Flexible Power Accelerates Data-Center Projects, Princeton Says
(Bloomberg) -- Big data centers equipped to supply their own power during heatwaves and other emergencies can begin operations much more quickly than those reliant solely on traditional utility hookups, according to a new study.
Installing onsite natural gas turbines, solar panels or batteries means data centers can achieve a speedier connection to the grid because they will represent less of a demand stress when electricity is tight, according to a study Princeton University’s ZERO Lab carried out in conjunction with energy software firms Camus Energy and encoord.
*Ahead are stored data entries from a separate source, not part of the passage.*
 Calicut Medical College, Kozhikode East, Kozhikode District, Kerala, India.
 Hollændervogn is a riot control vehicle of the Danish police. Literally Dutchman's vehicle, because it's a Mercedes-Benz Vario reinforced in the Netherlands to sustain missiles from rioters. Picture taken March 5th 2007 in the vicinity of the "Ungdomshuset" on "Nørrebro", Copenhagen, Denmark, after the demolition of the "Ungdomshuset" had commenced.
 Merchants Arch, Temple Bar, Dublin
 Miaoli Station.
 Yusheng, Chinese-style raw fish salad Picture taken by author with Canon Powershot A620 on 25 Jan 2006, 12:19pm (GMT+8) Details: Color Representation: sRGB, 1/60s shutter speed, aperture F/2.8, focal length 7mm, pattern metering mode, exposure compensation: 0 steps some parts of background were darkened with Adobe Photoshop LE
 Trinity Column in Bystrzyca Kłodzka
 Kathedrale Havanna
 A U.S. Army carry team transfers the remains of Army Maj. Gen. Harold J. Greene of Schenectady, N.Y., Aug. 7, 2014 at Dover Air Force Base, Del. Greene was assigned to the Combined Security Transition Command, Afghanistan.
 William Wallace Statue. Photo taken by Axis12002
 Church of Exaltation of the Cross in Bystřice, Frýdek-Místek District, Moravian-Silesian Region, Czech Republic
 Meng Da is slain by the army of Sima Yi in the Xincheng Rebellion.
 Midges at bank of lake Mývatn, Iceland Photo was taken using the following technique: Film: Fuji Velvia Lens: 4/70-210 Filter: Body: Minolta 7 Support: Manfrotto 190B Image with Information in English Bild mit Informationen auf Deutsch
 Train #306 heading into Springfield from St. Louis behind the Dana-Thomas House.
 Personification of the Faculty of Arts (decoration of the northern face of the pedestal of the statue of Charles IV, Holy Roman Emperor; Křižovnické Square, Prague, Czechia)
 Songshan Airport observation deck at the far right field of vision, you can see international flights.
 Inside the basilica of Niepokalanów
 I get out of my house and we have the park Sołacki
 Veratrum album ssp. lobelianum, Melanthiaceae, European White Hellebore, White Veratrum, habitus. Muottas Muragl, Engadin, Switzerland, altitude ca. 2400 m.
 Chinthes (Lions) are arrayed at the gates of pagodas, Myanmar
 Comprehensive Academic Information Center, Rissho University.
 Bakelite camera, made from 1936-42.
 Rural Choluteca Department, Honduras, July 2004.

In some cases, the wait time can be cut by as much as five years — a significant difference in an industry where grid hookups can stretch up to seven years.
“If you can connect your data center years earlier, that’s a lot of revenue and a lot of compute time,” said Jesse Jenkins, the Princeton associate professor who leads the ZERO Lab.
Flexible data centers also are cheaper because they require less new infrastructure, he added.
“It doesn’t make sense to build a whole new transmission line that sits there 365 days a year when you only need it for a few hours a year,” Jenkins said.
Lowering costs are a key issue because data-center projects have driven up power bills in some parts of the US, angering neighbors and drawing political pushback. After years of relatively stable US power consumption, demand is rising quickly thanks to the artificial-intelligence boom, new factories and electrification of the broader economy.
The new research builds on a Duke University study that said in February the grid could handle another 76 gigawatts — about 10% of current peak demand — if large users such as data centers would curtail their demand during the rare periods when the system is stressed. Bitcoin miners, which also have voracious appetites for electricity, have employed that strategy for years.
However, the idea that data centers can shut down when demand soars has drawn criticism. The independent market monitor for PJM Interconnection LLC, the 13-state power grid stretching from the mid-Atlantic to the Midwest, called the idea that data centers will interrupt the operations and not require new generation “a regulatory fiction.”
The new analysis released on Thursday addresses that critique by modeling how data centers would replace grid power with their own sources, rather than by interrupting computing operations. “There’s a lot of other ways you can provide site flexibility that aren’t just reducing demand,” said Astrid Atkinson, chief executive officer of Camus Energy.
The research was funded by Alphabet Inc.’s Google, which said in an August blog post that it was making data centers more flexible to benefit power grids.